------ DATA TO PROCESS ------
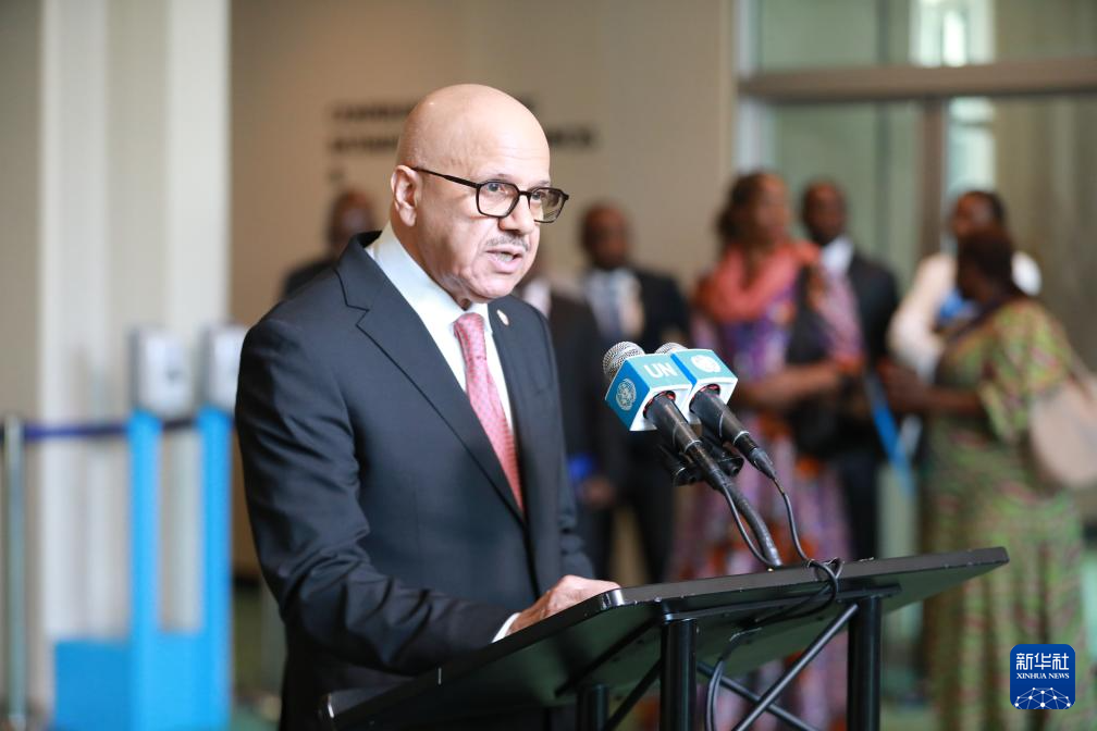 6月3日,在位于紐約的聯(lián)合國(guó)總部,巴林外交大臣扎耶尼在巴林當(dāng)選聯(lián)合國(guó)安理會(huì)非常任理事國(guó)后講話。新華社記者 謝鍔 攝
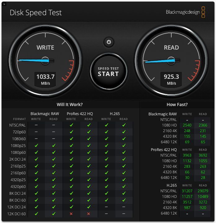 此外,我们还利用Blackmagicdesign Disk Speed Test、ATTO Disk Benchmark软件进行测试,看以下截图结果。前者检测读写性能,顺利通过Blackmagic RAW、ProRes 422 HQ、H.265等高分辨率高码率格式的实时读写;后者检测对大小文件的处理能力,如果进行4K视频剪辑,基于1.9GB这个稳定速度写入,理论上1分钟可以传输114GB的素材,很适合处理高分辨率视频包括RAW照片等,快速省心。
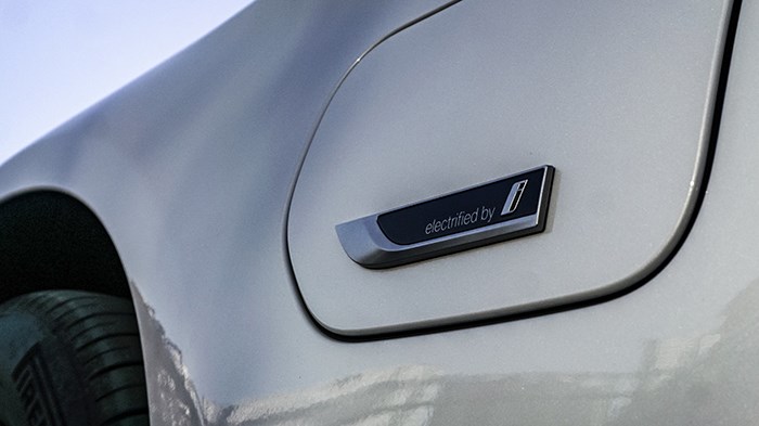 翼子板上有它的充電接口及“i家族”標(biāo)志,前后輪轂均采用18寸普利司通245/45 R18泰然者輪胎。電池容量17.7kWh,3.9小時(shí)可將電池充滿。NEDC純電續(xù)航里程95km,WLTC純電續(xù)航里程73km。長(zhǎng)寬高5106×1868×1490mm,軸距3105mm。
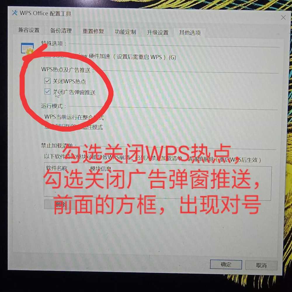 点击“关闭WPS热点”和“关闭广告弹窗推送”前面的方框,关闭WPS广告
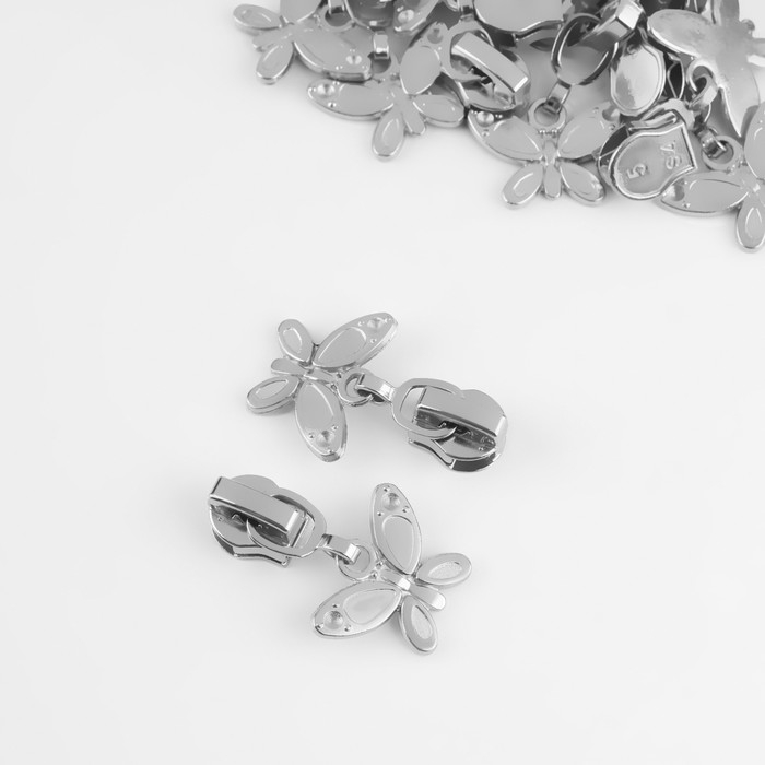 Бегунок автоматический для металлической молнии, №5, декоративный «Бабочка», 10 шт, цвет никель
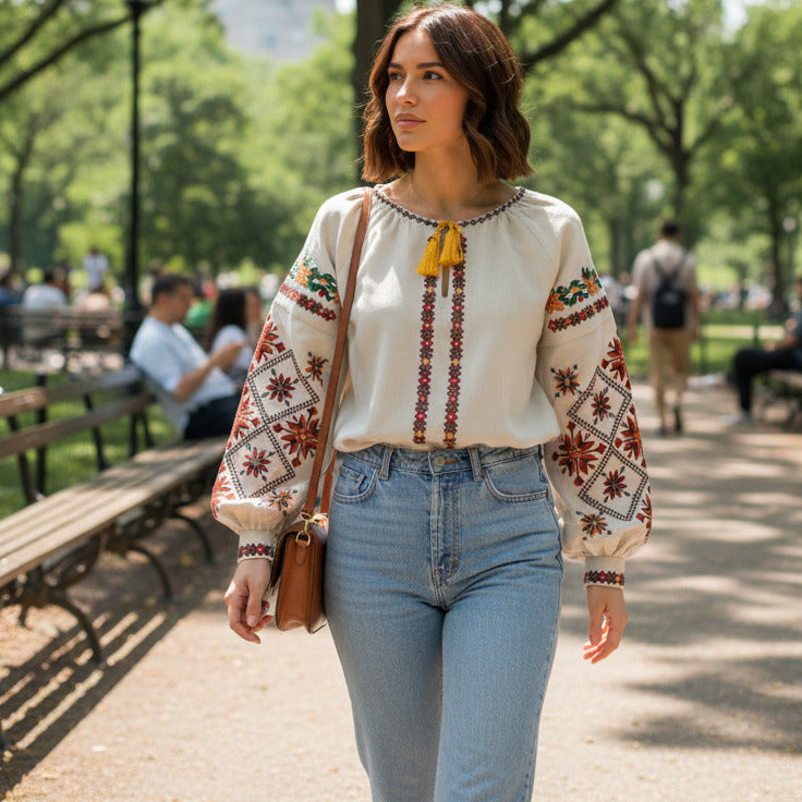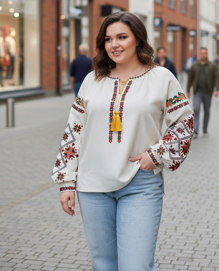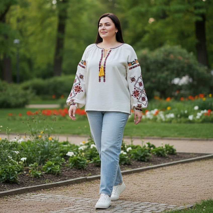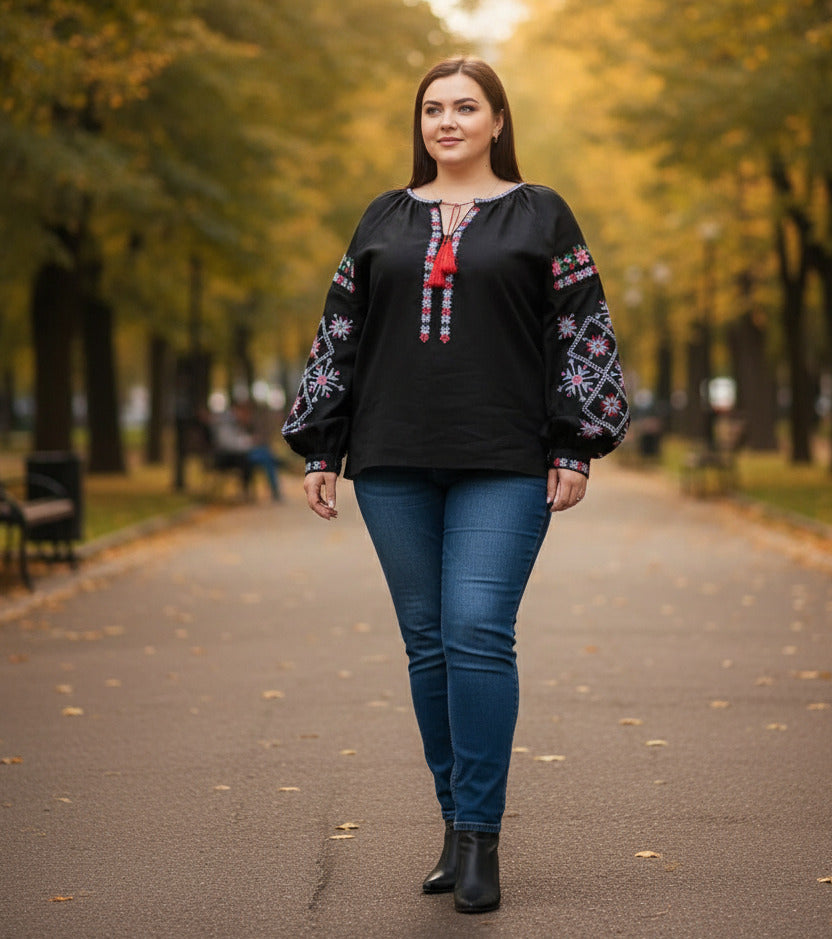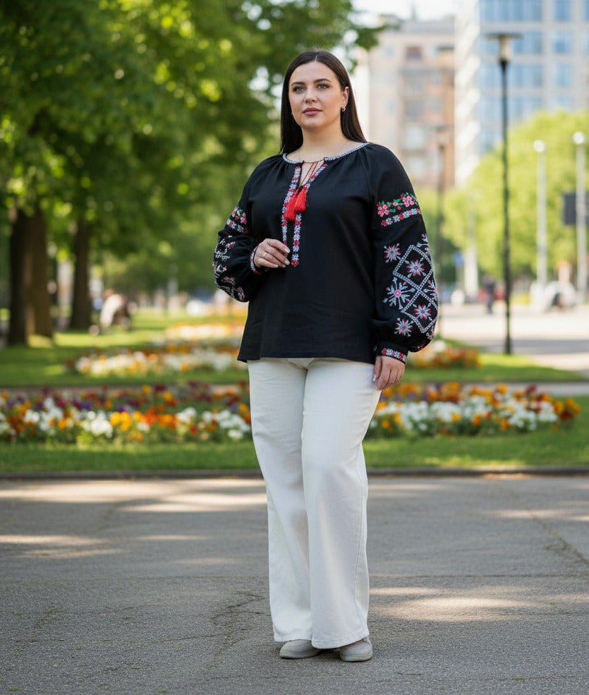 Introducing our creation - the Unconquered women's embroidered shirt, showcasing an incredible fusion of colors 🇺🇦. Immerse yourself in the rich cultural tapestry of our meticulously crafted garment, celebrating the spirit of resilience and tradition. The harmonious blend of vibrant hues reflects the essence of our heritage, making the Unconquered vyshyvanka a symbol of strength and elegance. Embrace the timeless beauty of Ukrainian embroidery with this exquisite piece that pays homage to our unyielding spirit.
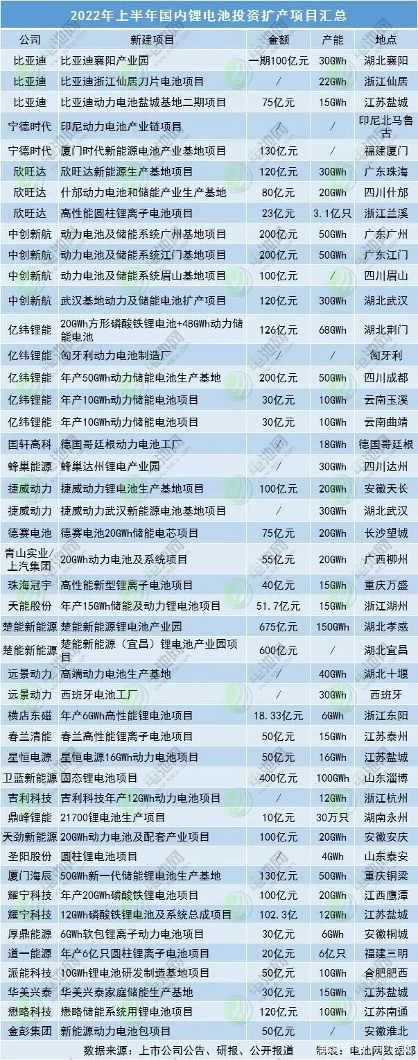 据电池网不完全统计,今年上半年以比亚迪、欣旺达、中创新航等为代表的锂电池企业相继公布了多个新投建项目。
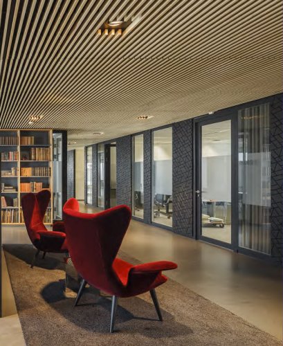 WoodLines es una terminación de chapas de madera natural para cielorraso lineales que permite generar un listoneado continuo que crea espacios atractivos y de gran calidez.
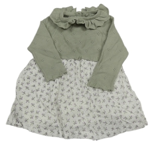 Světlekhakí-bílé pleteno/plátěné s volánkem a kytičkami Tu
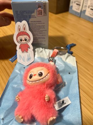 Modelo letra Q de la colección labubu pin for love. solo abierto para poder seleccionar el color deseado por el comprador. original de tienda PopMart Barcelona( se incluye ticket de compra en las fotos) QR en caja para comprobar originalidad. Adorable peluche de Labubu en color rosa, perfecto para coleccionar. - Diseño de personaje con capucha de conejito. - Material suave y peludo. - Incluye llavero.
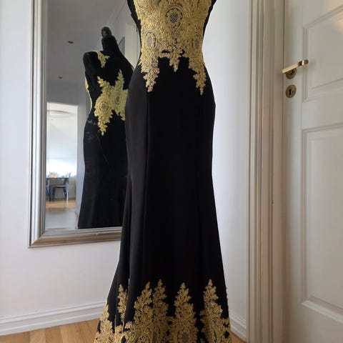 Kjolen er i 100% Silke, den er foret og har sorte blondedetaljer. Det er innlegg i bysten.
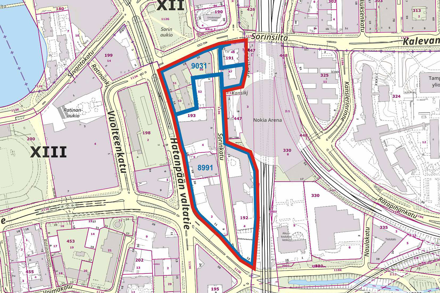 The planning area is located in the south-eastern part of the city centre of Tampere, with good transport connections and commercial services. The area is bordered in the north by Vuolteenkatu, in the east by the railway area, as well as by the Kansi and Nokia Arena area, in the west by the Hatanpää highway and in the south by the Tampere highway. Sorinkatu runs through the area.
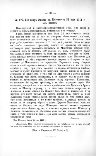 Переписка участников войны. Ген.-майор Эшков гр. Шереметеву 24 июля 1711 г. из Жванца // Дела гр. Шереметева, XX, № 405, ч. I.
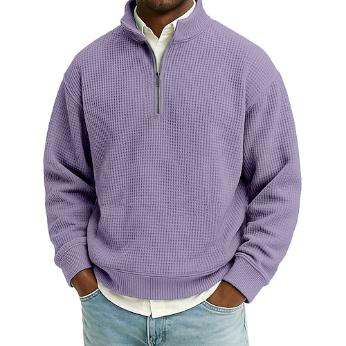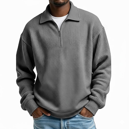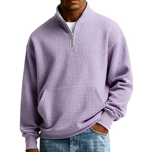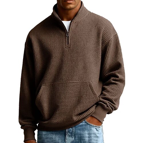 Per uomo Maglia Felpa a nido d'ape Maglione Felpa con zip corta Aalbicocca Nero Bianco Verde chiaro Borgogna Colletto Mao Semplice Tasca a marsupio Testurizzato Casuale Quotidiano Sport Outdoor
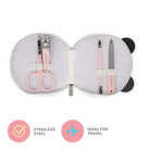 Maniküre-Set „But First, Nails!“ für jederzeit gepflegte Hände und perfekte Nägel, erhältlich in den Varianten Kitty und Panda. Das kompakte Reiseformat macht es ideal für unterwegs, im Urlaub oder für den täglichen Gebrauch zu Hause. Das Set enthält alle wichtigen Werkzeuge für die Nagelpflege: eine Nagelschere, einen Nagelknipser, eine Nagelfeile und einen Nagelhautschieber. Der praktische Reißverschluss hält die Utensilien sicher an ihrem Platz und sorgt für einfache Aufbewahrung. Die Kitty-Variante besticht durch ein verspieltes Katzenmotiv, während die Panda-Variante ein niedliches Bären-Design bietet. Ein perfektes Set für alle, die Wert auf gepflegte Hände legen, kombiniert Funktionalität mit charmantem Design.
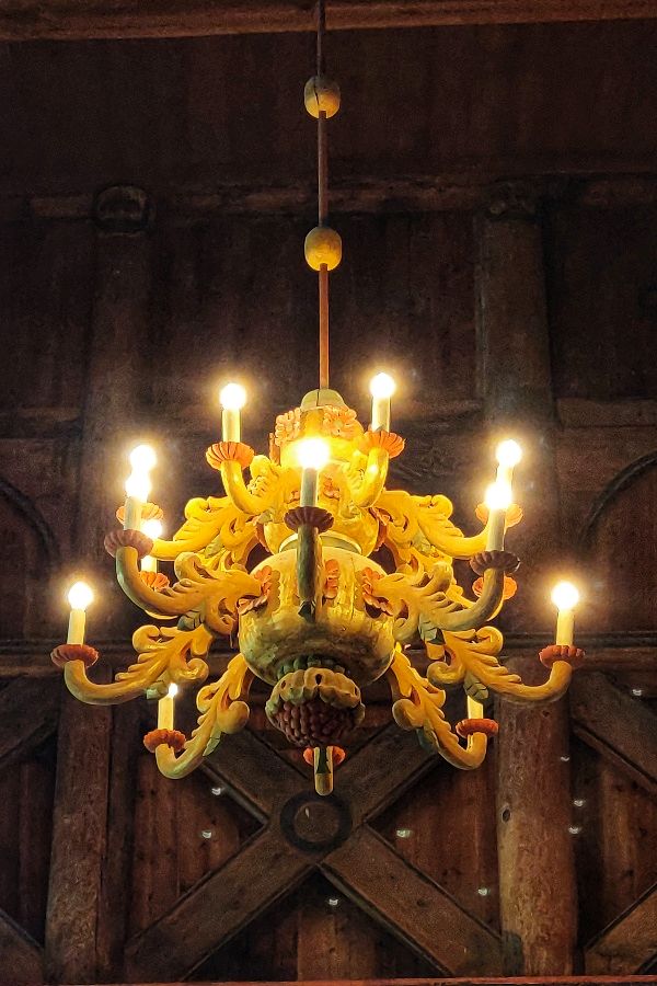We bezoeken eerst de houten staafkerk van Ringebu waarboven nu een prachtig blauwe lucht zichtbaar is. Als pelgrims hebben we gratis toegang tot deze kerk, die stamt uit de vroege 13e eeuw. Om het zo warm mogelijk te houden in de kerk, werden er geen ramen gemaakt. Het interieur is helemaal van hout, zelfs de immense kroonluchter.
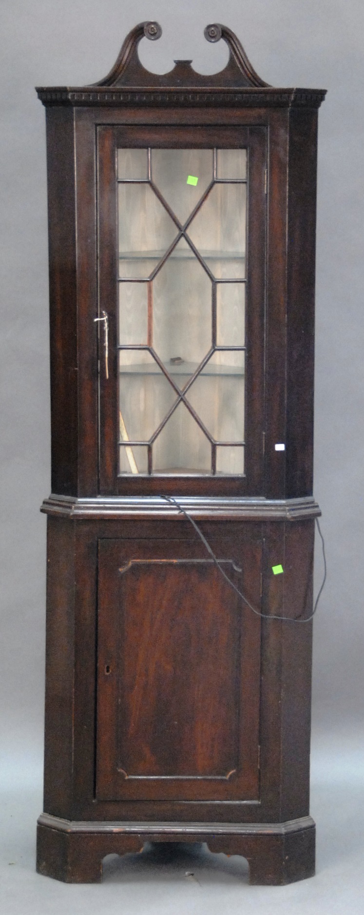 Mahogany corner china cabinet in two parts, ht. 75in.
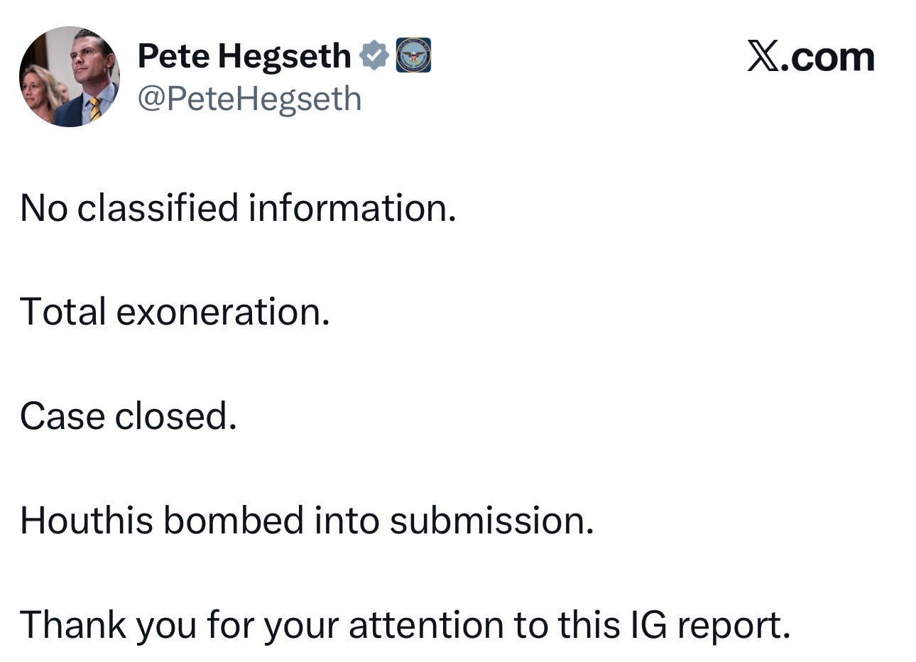 “No classified information. Total exoneration. Case closed. Houthis bombed into submission. Thank you for your attention to this IG report,” he wrote.
------
## WHAT IS REQUIRED:
The whole listing above, word for word: repeat it with the pictures excluded.

## ANSWER FOR THIS EXERCISE:
 6月3日,在位于紐約的聯(lián)合國(guó)總部,巴林外交大臣扎耶尼在巴林當(dāng)選聯(lián)合國(guó)安理會(huì)非常任理事國(guó)后講話。新華社記者 謝鍔 攝
 此外,我们还利用Blackmagicdesign Disk Speed Test、ATTO Disk Benchmark软件进行测试,看以下截图结果。前者检测读写性能,顺利通过Blackmagic RAW、ProRes 422 HQ、H.265等高分辨率高码率格式的实时读写;后者检测对大小文件的处理能力,如果进行4K视频剪辑,基于1.9GB这个稳定速度写入,理论上1分钟可以传输114GB的素材,很适合处理高分辨率视频包括RAW照片等,快速省心。
 翼子板上有它的充電接口及“i家族”標(biāo)志,前后輪轂均采用18寸普利司通245/45 R18泰然者輪胎。電池容量17.7kWh,3.9小時(shí)可將電池充滿。NEDC純電續(xù)航里程95km,WLTC純電續(xù)航里程73km。長(zhǎng)寬高5106×1868×1490mm,軸距3105mm。
 点击“关闭WPS热点”和“关闭广告弹窗推送”前面的方框,关闭WPS广告
 Бегунок автоматический для металлической молнии, №5, декоративный «Бабочка», 10 шт, цвет никель
 Introducing our creation - the Unconquered women's embroidered shirt, showcasing an incredible fusion of colors 🇺🇦. Immerse yourself in the rich cultural tapestry of our meticulously crafted garment, celebrating the spirit of resilience and tradition. The harmonious blend of vibrant hues reflects the essence of our heritage, making the Unconquered vyshyvanka a symbol of strength and elegance. Embrace the timeless beauty of Ukrainian embroidery with this exquisite piece that pays homage to our unyielding spirit.
 据电池网不完全统计,今年上半年以比亚迪、欣旺达、中创新航等为代表的锂电池企业相继公布了多个新投建项目。
 WoodLines es una terminación de chapas de madera natural para cielorraso lineales que permite generar un listoneado continuo que crea espacios atractivos y de gran calidez.
 Světlekhakí-bílé pleteno/plátěné s volánkem a kytičkami Tu
 Modelo letra Q de la colección labubu pin for love. solo abierto para poder seleccionar el color deseado por el comprador. original de tienda PopMart Barcelona( se incluye ticket de compra en las fotos) QR en caja para comprobar originalidad. Adorable peluche de Labubu en color rosa, perfecto para coleccionar. - Diseño de personaje con capucha de conejito. - Material suave y peludo. - Incluye llavero.
 Kjolen er i 100% Silke, den er foret og har sorte blondedetaljer. Det er innlegg i bysten.
 The planning area is located in the south-eastern part of the city centre of Tampere, with good transport connections and commercial services. The area is bordered in the north by Vuolteenkatu, in the east by the railway area, as well as by the Kansi and Nokia Arena area, in the west by the Hatanpää highway and in the south by the Tampere highway. Sorinkatu runs through the area.
 Переписка участников войны. Ген.-майор Эшков гр. Шереметеву 24 июля 1711 г. из Жванца // Дела гр. Шереметева, XX, № 405, ч. I.
 Per uomo Maglia Felpa a nido d'ape Maglione Felpa con zip corta Aalbicocca Nero Bianco Verde chiaro Borgogna Colletto Mao Semplice Tasca a marsupio Testurizzato Casuale Quotidiano Sport Outdoor
 Maniküre-Set „But First, Nails!“ für jederzeit gepflegte Hände und perfekte Nägel, erhältlich in den Varianten Kitty und Panda. Das kompakte Reiseformat macht es ideal für unterwegs, im Urlaub oder für den täglichen Gebrauch zu Hause. Das Set enthält alle wichtigen Werkzeuge für die Nagelpflege: eine Nagelschere, einen Nagelknipser, eine Nagelfeile und einen Nagelhautschieber. Der praktische Reißverschluss hält die Utensilien sicher an ihrem Platz und sorgt für einfache Aufbewahrung. Die Kitty-Variante besticht durch ein verspieltes Katzenmotiv, während die Panda-Variante ein niedliches Bären-Design bietet. Ein perfektes Set für alle, die Wert auf gepflegte Hände legen, kombiniert Funktionalität mit charmantem Design.
We bezoeken eerst de houten staafkerk van Ringebu waarboven nu een prachtig blauwe lucht zichtbaar is. Als pelgrims hebben we gratis toegang tot deze kerk, die stamt uit de vroege 13e eeuw. Om het zo warm mogelijk te houden in de kerk, werden er geen ramen gemaakt. Het interieur is helemaal van hout, zelfs de immense kroonluchter.
 Mahogany corner china cabinet in two parts, ht. 75in.
 “No classified information. Total exoneration. Case closed. Houthis bombed into submission. Thank you for your attention to this IG report,” he wrote.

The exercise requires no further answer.